Many cache lines can be hot at the same time, not aliasing each other. i.e. caches have many sets. Some access patterns are pessimal, like multiple pointers all offset from each other by 4k which will make all accesses alias the same set in L1d cache, as well as sometimes having extra 4k-aliasing penalties in the CPU's memory disambiguation logic. (Assuming a 4k page size like on x86). e.g. L1 memory bandwidth: 50% drop in efficiency using addresses which differ by 4096+64 bytes - memory performance effects can get very complicated. Knowing some theory is enough to understand what's generally good, but the exact details can be very complex. (Sometimes even for true experts like Dr. Bandwidth, e.g. this case).
Footnote 1: Loosely, An object is a named variable or dynamically allocated memory pointed to by a pointer.
Footnote 2: Write-back cache with a write-allocate policy is near universal for modern CPUs, also a pseudo-LRU replacement policy; see wikipedia. A few devices have access patterns that benefit from caches that only allocate on read but not write, but CPUs benefit from write-allocate. A modern CPU will almost always have a multi-level cache hierarchy, with each level being set-associative with some level of associativity. Some embedded CPUs may only have 1 level, or even no cache, but you'd know if you were writing code specifically for a system like that.
Modern large L3 caches sometimes use a replacement policy.
Of course, optimization can mean that some local variables (especially loop counters or array pointers) can get optimized into a register and not exist in memory at all. Registers are not part of the CPU cache or memory at all, they're a separate storage space. People often describe things as "compiler caches the value in a register", but do not confuse that with CPU cache. (related: https://software.rajivprab.com/2018/04/29/myths-programmers-believe-about-cpu-caches/ and When to use volatile with multi threading?)
If you want to see what the compiler is making the CPU do, look at the compiler's asm output. How to remove "noise" from GCC/clang assembly output?. Every memory access in the asm source is an access in computer-architecture terms, so you can apply what you know about cache state given an access pattern to figure out what will happen with a set-associative cache.
Also related:
Which cache mapping technique is used in intel core i7 processor?
Modern Microprocessors: A 90-Minute Guide!
Why is the size of L1 cache smaller than that of the L2 cache in most of the processors? - why we have multi-level caches, and some real numbers for the cache heirarchies of Haswell (like Skylake) and Piledriver (fortunately obsolete, but an interesting example of a possible design).
Generally, the most recently used cache lines will be stored in the cache.
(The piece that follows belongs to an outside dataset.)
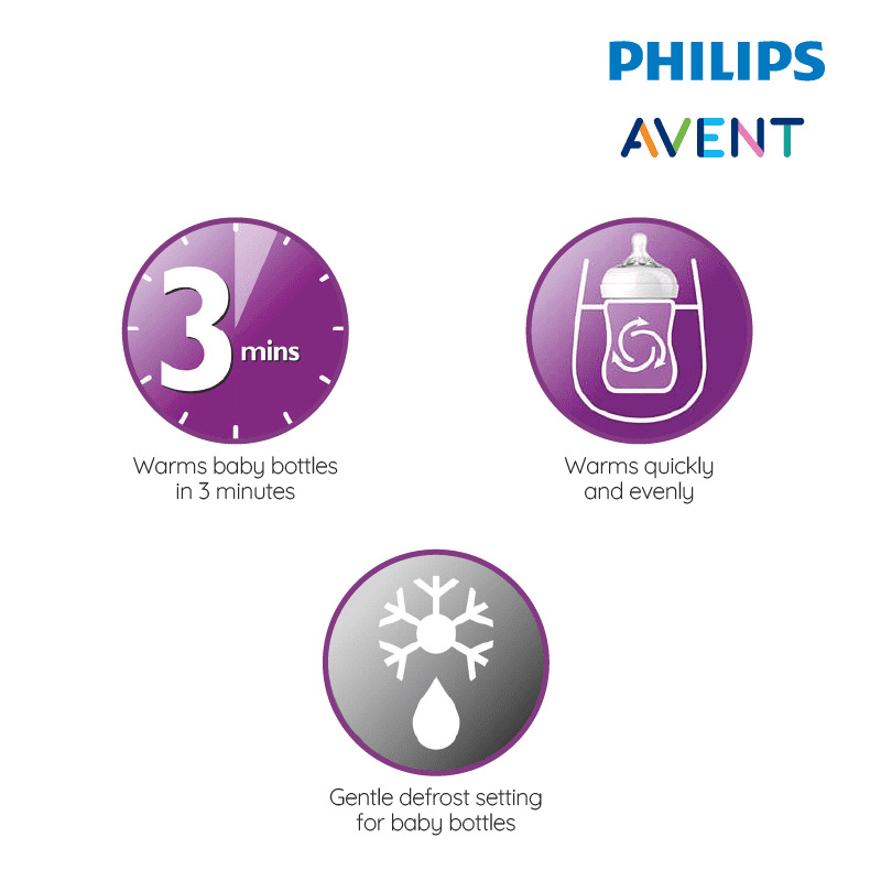 Efficiently prepare warmed feeds and baby food in minutes with the Philips Avent Fast Electric Bottle Warmer. The smart temperature control prevents overheating, ensuring perfect temperatures every time. No need to worry about adjusting heating patterns, this bottle warmer does it for you.

For short loops, loop counter variables are normally stored in a CPU register. For longer loops, loop counter variables will probably be stored in the cache, unless one loop iteration runs for such a long time that the loop counter gets evicted from the cache due to the CPU doing other work.
Most variables will generally be cached after the first access (or beforehand if the cache prefetcher does a good job), irrespective of how often they are used. A higher frequency of usage will only prevent the memory from being evicted from the cache, but won't influence it being cached in the first place. However, some CPU architectures offer so-called non-temporal read and write instructions, which bypass the cache. These instructions are useful if the programmer knows in advance that a memory location will only be accessed once, and therefore should not be cached. But generally, these instructions should not be used, unless you know exactly what you are doing.
The CPU cache does not care whether variables are stored on the heap or stack. Memory is simply cached according to a "most recently used" algorithm, or, to be more accurate, the cache is evicted based on a "least recently used" algorithm, whenever new room in the cache is required for a new memory access.
In the case of local variables stored on the stack, there is a high chance that the cache line of that variable is already cached due to the program using that stack cache line recently for something else. Therefore, local variables generally have good cache performance. Also, the cache prefetcher works very well with the stack, because the stack grows in a linear fashion.
The pointer variable p stores the address of the data. If I use the pointer *p to access a variable. Will p be loaded into the cache first, and then *p will be loaded into the cache?
Yes, first, the cache line containing p will be loaded into the cache (if it is not already cached or stored in a CPU register). Then, the cache line containing *p will be loaded into the cache.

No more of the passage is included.